*Prompt*:
No pictures, please. Output the lines from the start of the data through the line that contains "Godrej Tropical Isle", both included, exactly as they stand.

*Records*:
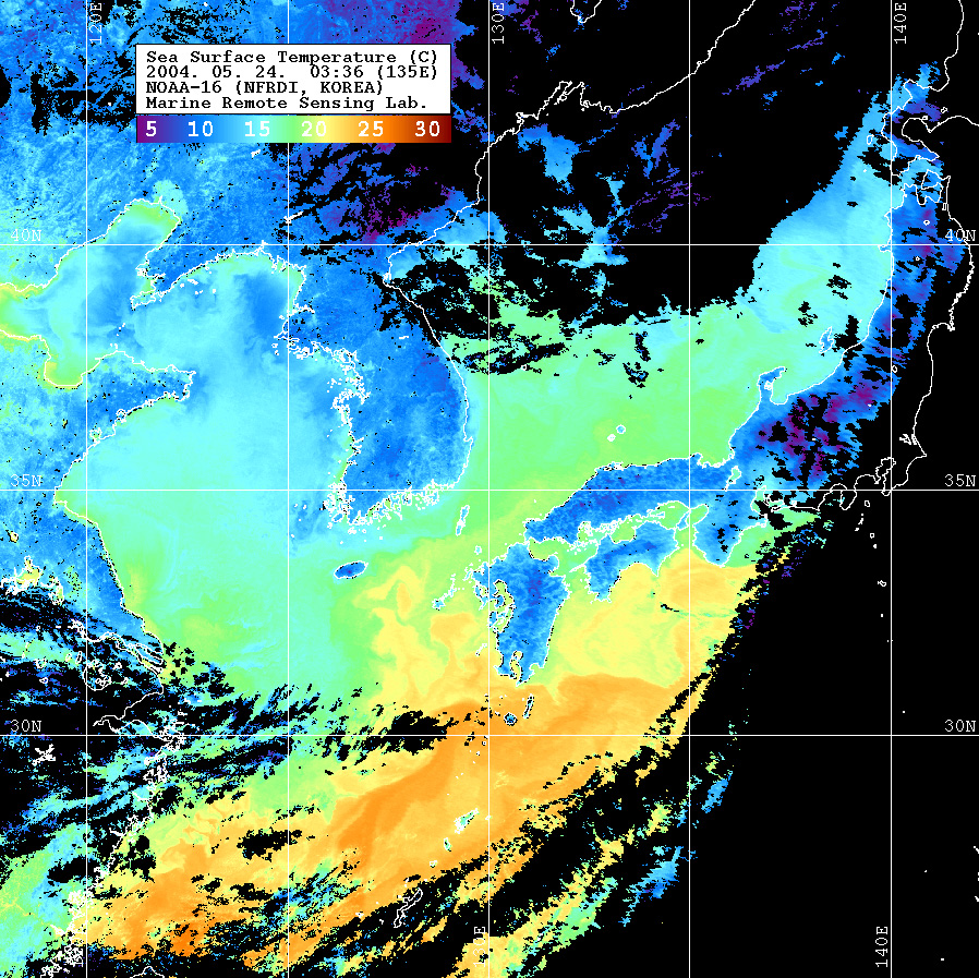 o 2004년 05월 24일 03시 36분 NOAA-16호 위성영상입니다. o 수온분포는 범례를 참고하시기 바랍니다. o 검은색은 구름과 육지를 나타냅니다.
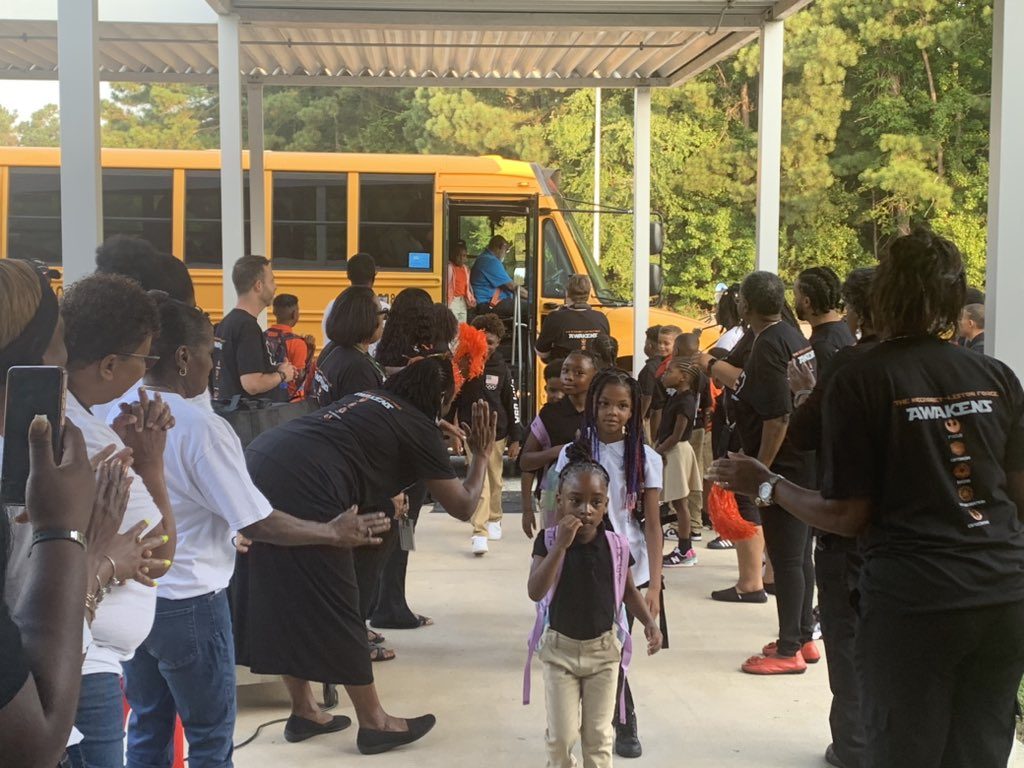 Pictured above center, students are welcomed into McCrory-Liston for the new school year. Pictured at below, students on their first day at Fairfield Magnet School.
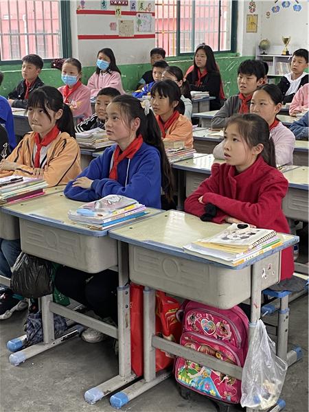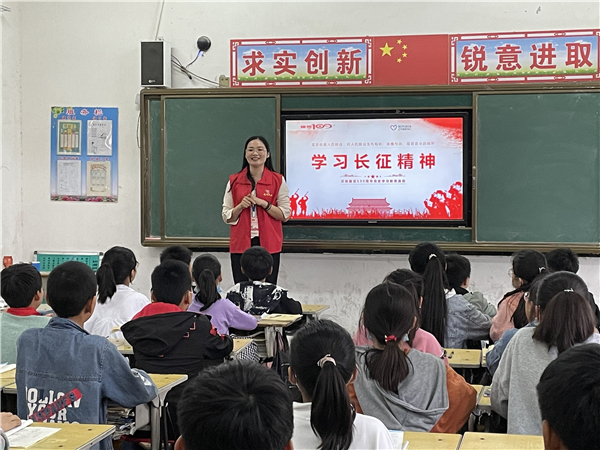 教室里,同學(xué)們聚精會神地聽著老師講革命先輩長征的故事,從巧渡金沙江到飛奪瀘定橋,圖文并茂,讓學(xué)生們從小知黨史、感黨恩,一顆紅心跟黨走,傳承紅色基因。
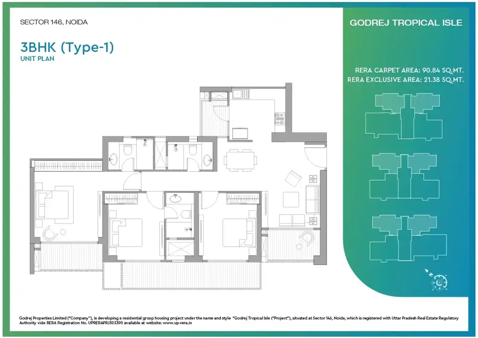 Godrej Tropical Isle Sector 146 Noida is set over 6.18 acres and has a special tropical theme that gives you a resort-like sensation every day. The project is safe, lawful, and reliable because it is RERA registered (UPRERAPRJ303390).
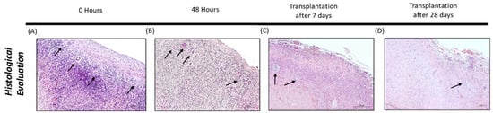 In the context of cell proliferation, L-Mesitran treatments (in vitro and in vivo) showed high levels of Ki-67 expression in stromal cells 7 days after transplantation. It was possible to demonstrate that cell recovery occurs over time when compared to control. These findings are in agreement with the results of Gastal et al., who reached proliferative potential and tissue survivability after 7 days in culture []. Furthermore, several authors [,,] describe the presence of necrotic regions in the first days after transplantation.
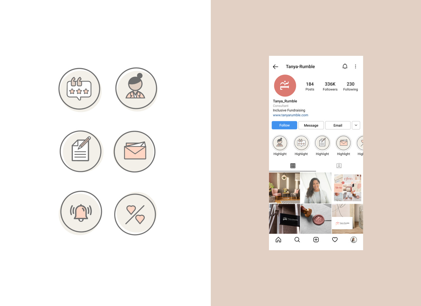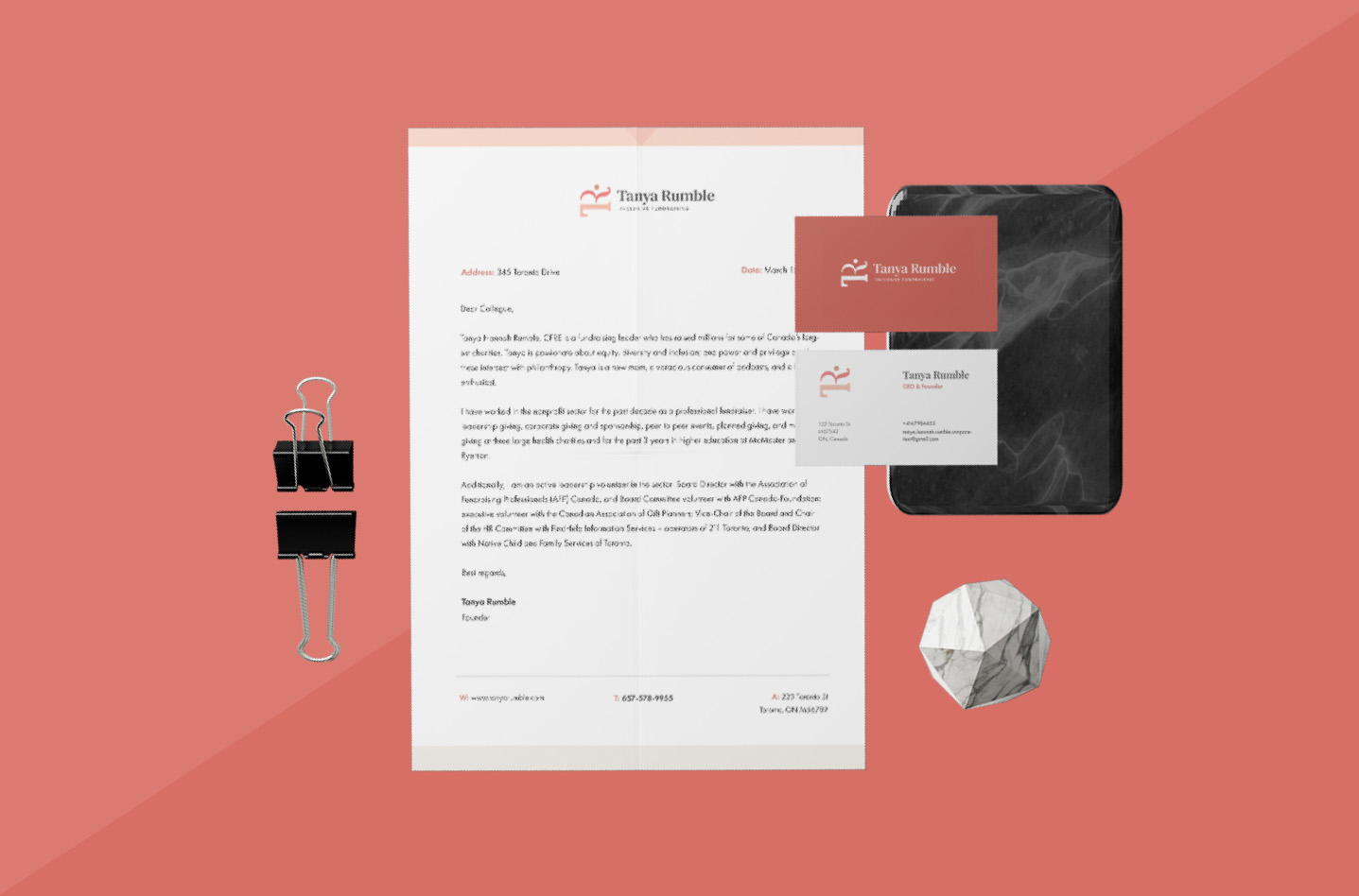 Tanya Rumble is a speaker, writer, coach and consultant who helps non-profits with fundraising and inclusion. She wanted a brand that represented her personal taste, and her lifestyle but also spoke to her clientele – females non-profit professionals in senior executive roles. Tanya required a new brand from scratch. We worked with Tanya to create her new logo, fonts, icons, and more. In the end, she received a style guide to apply to all her company’s new branding.

*Expected output*:
 o 2004년 05월 24일 03시 36분 NOAA-16호 위성영상입니다. o 수온분포는 범례를 참고하시기 바랍니다. o 검은색은 구름과 육지를 나타냅니다.
 Pictured above center, students are welcomed into McCrory-Liston for the new school year. Pictured at below, students on their first day at Fairfield Magnet School.
 教室里,同學(xué)們聚精會神地聽著老師講革命先輩長征的故事,從巧渡金沙江到飛奪瀘定橋,圖文并茂,讓學(xué)生們從小知黨史、感黨恩,一顆紅心跟黨走,傳承紅色基因。
 Godrej Tropical Isle Sector 146 Noida is set over 6.18 acres and has a special tropical theme that gives you a resort-like sensation every day. The project is safe, lawful, and reliable because it is RERA registered (UPRERAPRJ303390).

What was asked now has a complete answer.